A aprovação de uma rede da Força Quds, que produz moeda falsa para alimentar a guerra civil do Iêmen, mostra que nessa área, como em muitas outras atividades ilícitas, o Irã se engaja inescrupulosamente em comportamento desonesto para promover seus representantes e atender às suas necessidades financeiras.

A apreensão dos bolívares – houveram várias na área desde 2015 – ilustra as possíveis repercussões de se prestar atenção insuficiente à crise fervente na Venezuela.

É um narco país fracassado, dirigido por um grupo de ideólogos antiamericanos gananciosos, em conluio com radicais islâmicos ligados ao Irã, o maior patrocinador estatal do terror no mundo.

Enquanto o regime de Nicolás Maduro governar em Caracas, a crise que está consumindo a Venezuela fortalecerá ainda mais os inimigos da Democracia.

Dias atrás o deputado de oposição, Américo de Grazia fez denúncias gravíssimas sobre a atuação e influência do Hezbollah na Venezuela.

O ditador Maduro implantou um projeto chamado “Arco de Mineração do Orinoco”, um projeto de mega-mineração para explorar 12% do território da Venezuela para obtenção de metais e minerais não renováveis.

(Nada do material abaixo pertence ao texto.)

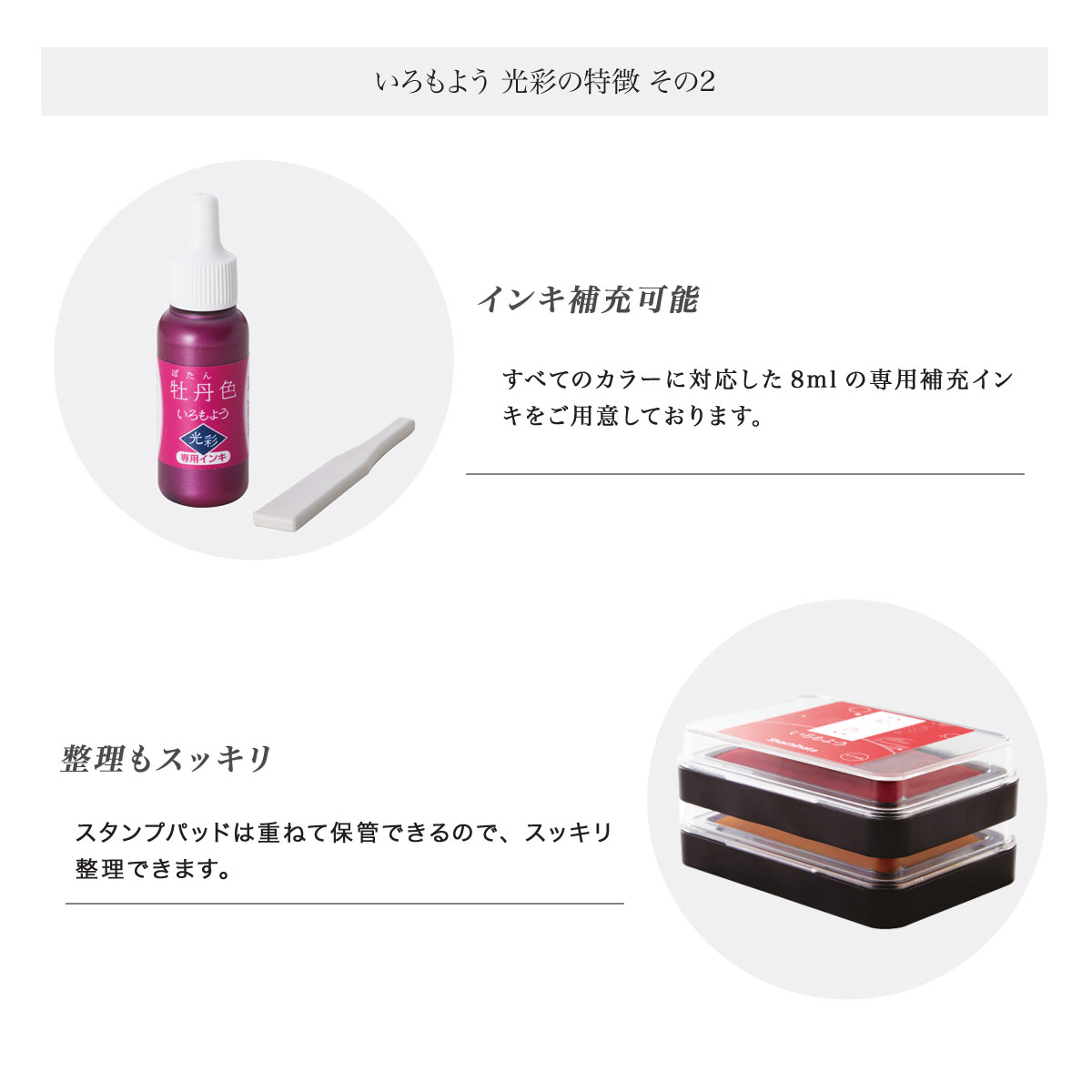 日本の伝統色を取り入れたスタンプ台、「いろもよう」シリーズからほんのりキラめくインキを採用した「いろもよう 光彩」が新登場。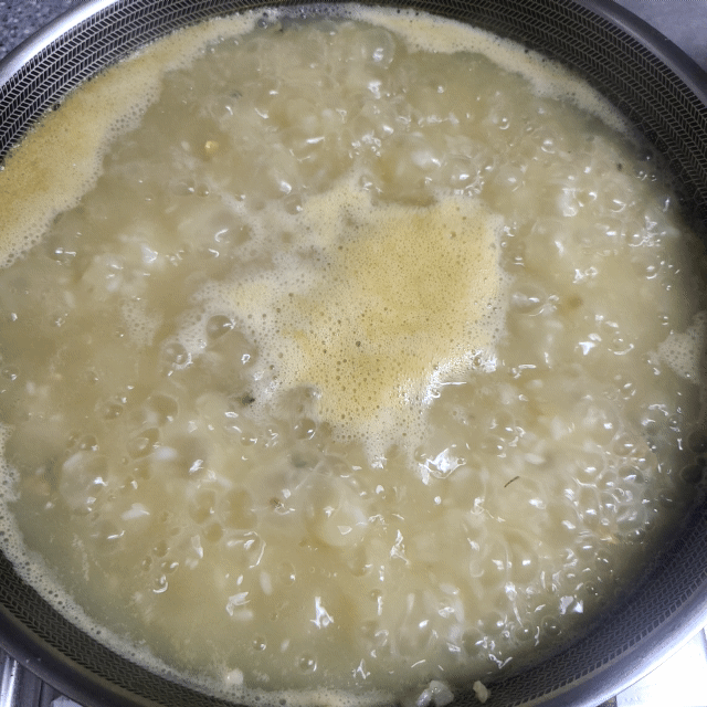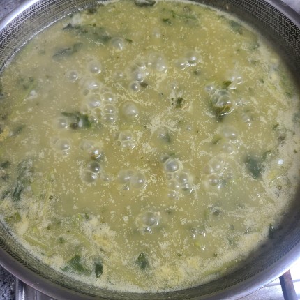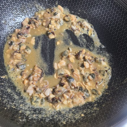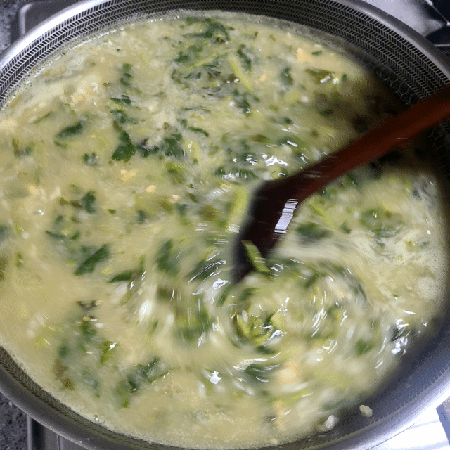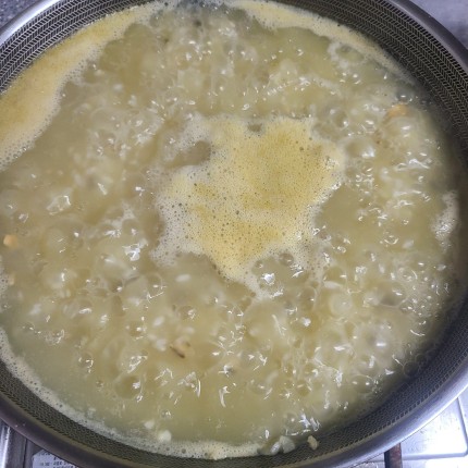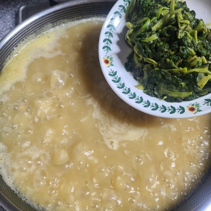 어우러져 나오는 독특한 맛 시래기 홍합죽 만들기입니다.

De Grazia disse que o Hezbollah, assim como o Exército de Libertação Nacional – um grupo armado alinhado ao marxismo envolvido no contínuo conflito armado colombiano – está “explorando o projeto de mega-mineração para obter ouro”.

O político, que atua como deputado da Assembleia Nacional representando o estado mineiro de Bolívar, no sudeste da Venezuela, disse que o Hezbollah “controla várias minas especiais para financiar operações terroristas para o regime que serve”, em referência ao Irã.

Coincidentemente, Nicolás Maduro Guerra, filho do ditador Maduro é quem opera as minas de coltán (mineral composto de colombite e tantalite, preto ou marrom muito escuro, usado em microeletrônica, telecomunicações e indústria aeroespacial) em Parguaza, município Cedeño, ao sul de Caicara del Orinoco.

Os pontos de vista expressos neste artigo são as opiniões do autor e não refletem necessariamente a posição da RENOVA Mídia.